EXTRACTED DATA —
====================

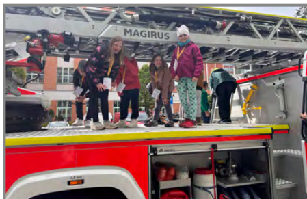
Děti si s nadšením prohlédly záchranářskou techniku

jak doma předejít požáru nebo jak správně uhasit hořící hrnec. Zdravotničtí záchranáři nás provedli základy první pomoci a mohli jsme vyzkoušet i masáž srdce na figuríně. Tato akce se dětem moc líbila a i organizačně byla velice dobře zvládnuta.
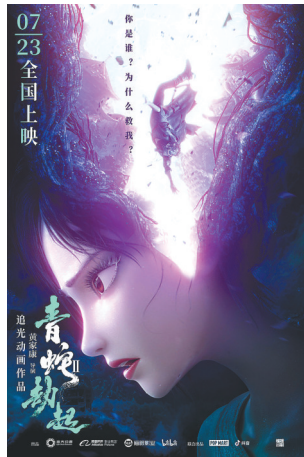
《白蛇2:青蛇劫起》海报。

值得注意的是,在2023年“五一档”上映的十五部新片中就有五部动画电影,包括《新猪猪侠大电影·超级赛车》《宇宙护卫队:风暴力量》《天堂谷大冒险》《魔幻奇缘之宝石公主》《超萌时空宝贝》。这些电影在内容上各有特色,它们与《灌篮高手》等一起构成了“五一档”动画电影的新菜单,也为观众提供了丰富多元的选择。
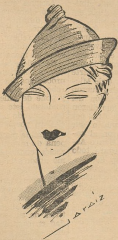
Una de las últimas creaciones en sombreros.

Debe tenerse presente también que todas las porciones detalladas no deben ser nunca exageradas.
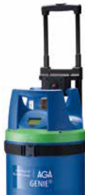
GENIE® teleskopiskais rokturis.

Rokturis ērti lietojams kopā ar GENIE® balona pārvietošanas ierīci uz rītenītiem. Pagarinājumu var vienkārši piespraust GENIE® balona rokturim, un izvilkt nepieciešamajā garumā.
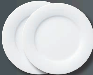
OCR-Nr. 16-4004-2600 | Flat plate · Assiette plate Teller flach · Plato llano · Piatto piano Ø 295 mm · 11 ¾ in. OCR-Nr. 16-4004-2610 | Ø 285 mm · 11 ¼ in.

====================

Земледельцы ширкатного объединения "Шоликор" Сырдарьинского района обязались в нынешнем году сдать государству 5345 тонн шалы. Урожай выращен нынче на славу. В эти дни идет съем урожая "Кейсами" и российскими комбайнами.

====================

WHAT YOU SHOULD DO —
Keep to the lines above from the line with "GENIE® teleskopiskais rokturis." to the line with "OCR-Nr. 16-4004-2600 |", and set down exactly those, inclusive, with nothing else and every picture left out.

YOUR RESPONSE —
GENIE® teleskopiskais rokturis.

Rokturis ērti lietojams kopā ar GENIE® balona pārvietošanas ierīci uz rītenītiem. Pagarinājumu var vienkārši piespraust GENIE® balona rokturim, un izvilkt nepieciešamajā garumā.
OCR-Nr. 16-4004-2600 | Flat plate · Assiette plate Teller flach · Plato llano · Piatto piano Ø 295 mm · 11 ¾ in. OCR-Nr. 16-4004-2610 | Ø 285 mm · 11 ¼ in.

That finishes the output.